The Two-Speed Approach to AI Rules
The central idea gaining traction in government and corporate boardrooms is a two-phase approach to artificial intelligence governance. This strategy involves a deliberate, slow-moving initial phase focused on experimentation and learning, followed by
a rapid scaling phase once safety and effectiveness are better understood. The logic is that AI technology is evolving too quickly for traditional, slow-moving legislative processes to keep up. By the time a comprehensive law is passed, the technology it was designed to regulate may already be obsolete. Instead of a single, all-encompassing law, this model proposes a more adaptive framework: learn in a controlled environment, and then apply those lessons to enable broad, but safe, deployment. This 'crawl, walk, run' method is seen as a way to balance the immense pressure for innovation with the growing concerns over AI's potential risks, from biased decision-making to significant security vulnerabilities.
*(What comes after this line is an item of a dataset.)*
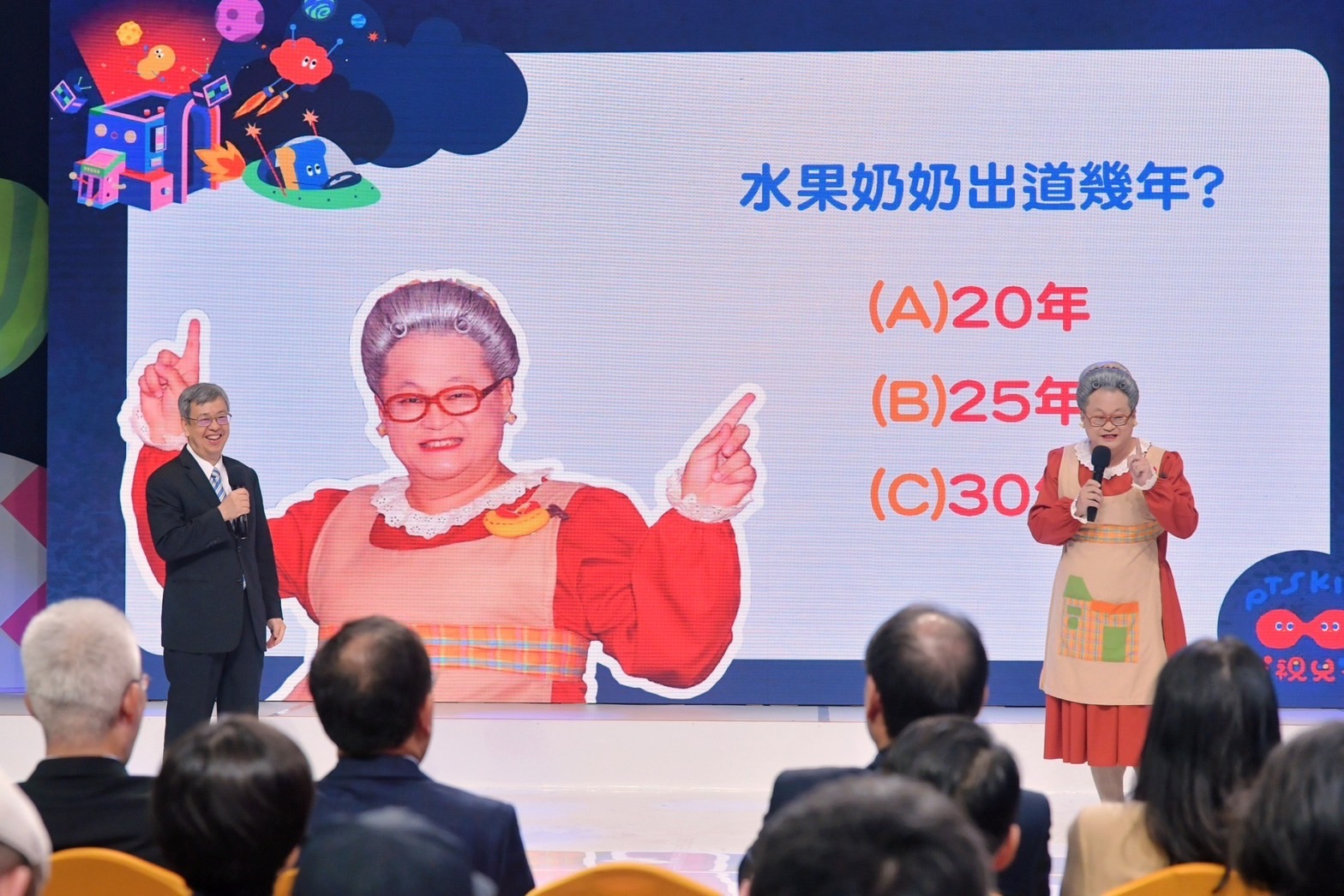 致詞結束後,陳院長與本場記者會主持人、知名YouTuber視網膜進行快問快答,透過邏輯推理及對公視節目的了解,院長從3選1的選項中,順利答對公視《古典魔力客》節目主持人為黃韻玲,以及公視入圍第58屆金鐘獎「少年節目獎」的節目名稱為《換個爸媽過幾天》;另外,扮演「水果奶奶」角色的演員趙自強也向院長提問「水果奶奶出道幾年?(20年、25年或30年)」院長則準確答出「出道25年」;最後主持人視網膜現場加碼提問其實際年齡,院長的回答與實際歲數僅相差1歲,問答過程趣味橫生。隨後,院長與行政院林子倫發言人、文化部史哲部長、公共電視文化事業基金會胡元輝董事長、徐秋華總經理、財團法人原住民族文化事業基金會瑪拉歐斯董事長、公視台語台呂東熹台長,以及客家電視台向盛言台長等貴賓,一同進行啟動儀式並合影留念。

Learning Slowly Through Regulatory Sandboxes
The 'learn slowly' phase is primarily being implemented through a tool called a 'regulatory sandbox'. A sandbox is a controlled legal environment where companies can test new AI technologies under the supervision of regulators, often with temporary relief from certain existing rules. The European Union's AI Act mandates the creation of these sandboxes, and similar initiatives are being proposed in the United States and piloted in countries like the UK and Singapore. The goal is to close the information gap between innovators and policymakers. Developers get a chance to test their products in real-world conditions with reduced legal uncertainty, which can accelerate product iteration and lower costs. In return, regulators gain invaluable insight into how these complex systems behave, allowing them to gather evidence to inform future, more effective, and evidence-based rules. This collaborative process helps ensure that AI systems are tested for safety, fairness, and transparency before they are deployed to the wider public.
The Blueprint for Scaling Quickly
Once an AI application has been tested and its risks are better understood, the governance model shifts to enabling rapid and responsible scaling. This phase relies on establishing clear standards and best practices learned from the sandbox phase. Frameworks like the NIST AI Risk Management Framework in the US and the international ISO 42001 standard provide voluntary but influential guidelines for organizations to build their governance programs around. These frameworks help standardize documentation, risk management, and oversight. For companies, adhering to these standards can streamline compliance, build investor confidence, and provide a competitive advantage. The idea is that by proving their systems are safe and aligned with established best practices in a controlled setting, companies can then move much faster to deploy their innovations across markets, with a lower risk of encountering regulatory roadblocks or causing unintended harm.
A Fragile Consensus
While this phased approach is gaining support, it is not without its critics and challenges. A major concern is that innovation continues to outpace even these more adaptive regulatory efforts. Some argue that a 'slow start' still allows technology to race ahead while governance plays catch-up. There's also the risk that regulatory sandboxes could be captured by large, well-resourced companies, giving them an unfair advantage and potentially stifling competition from smaller startups. Furthermore, many current AI governance strategies within organizations are criticized for being performative—creating a false sense of security with policies that aren't backed by technical enforcement or genuine executive accountability. The gap between having a written policy and having effective, real-time controls remains a significant problem, especially as AI systems become more autonomous. The success of the 'learn slowly, scale quickly' model depends entirely on rigorous oversight and a genuine commitment to translating lessons into binding rules, not just creating loopholes for favored players.